I think that for IPv6 scalable routing, modest upgrades to hosts and
routers should be considered - if they lead to a significant
long-term reduction in overhead and/or complexity.
Returning to this Bilateral/Unilateral business, I still find it
confusing.
Here is my summary of the three diagrams. The host on the left is
always in an upgraded network.
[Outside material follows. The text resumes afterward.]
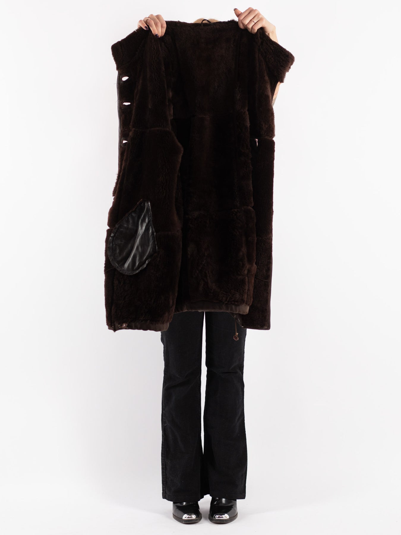 Vintage 80's Women Hooded Sheepskin Coat in Brown

For Fig 2 and 5 the right one is in
an upgraded network too.
X = translated.
T = Transit address of a host in a Six/One Router user network.
E = Real address of a host in a Six/One Router user network.
N = Real address of host in ordinary network.
U/B = Unilateral / Bilateral bit state.
Fig 2 Bilateral Both networks upgraded
L --> R Src X Src X
Dest X Dest X
Src: E T E
Dest: E T E
B
Src X Src X L <-- R
Dest X Dest X
Src: E T E
Dest: E T E
B
Fig 5 Unilateral Both networks upgraded
L --> R Src X Src
Dest Dest X
Src: E T T
Dest: T T E
U
Src Src X L <-- R
Dest X Dest
Src: T T E
Dest: E T T
U
Fig 4 Unilateral Right host not in upgraded network
L --> R Src X
Dest
Src: E T
Dest: N N
U
Src L <-- R
Dest X
Src: N N N
Dest: E T T
?
In all three examples, when the left translation router receives the
packet from its left host, how does it know whether or not to do
Bilateral or Unilateral translation?
If it can figure this out - presumably from what it knows about the
address space and which prefixes are Transit or End user prefixes,
then why do you need a flag bit in the packet sent to the right
translation router? Can't both the left and right routers in Fig 2
and Fig 5 figure out the Transit or End nature of the source and
destination addresses they receive, and then whether or not to
translate, if necessary, to both Transit or both End user, depending
on whether the packet is going to the core or to an Edge network?
The state of the Unilateral/Bilateral bit would need always to be B
when raw packets (having not been through any translation router)
arrive at the left translation router in Fig 4.
I am still not sure I understand your proposal fully.
>> MSB LSB
>>
>> xxxx xxxx xxxx yyyy zzzz zzzz zzzz zzzz
>>
>> z bits are unaffected by address translation.
>>
>> My understanding is that you want to rewrite all of x and
>> y bits, but you think that in order to keep the checksum the
>> same. So the best approach is to rewrite the most important
>> (most significant) bits the way you want, and not try to be
>> specific about the yyyy 16 bits, because you are going to have
>> to set them to some value based on the other changes
>> (difference between the 16 bit sum of the original xxxx
>> xxxx xxxx bits and the 16 bit sum of their translated values)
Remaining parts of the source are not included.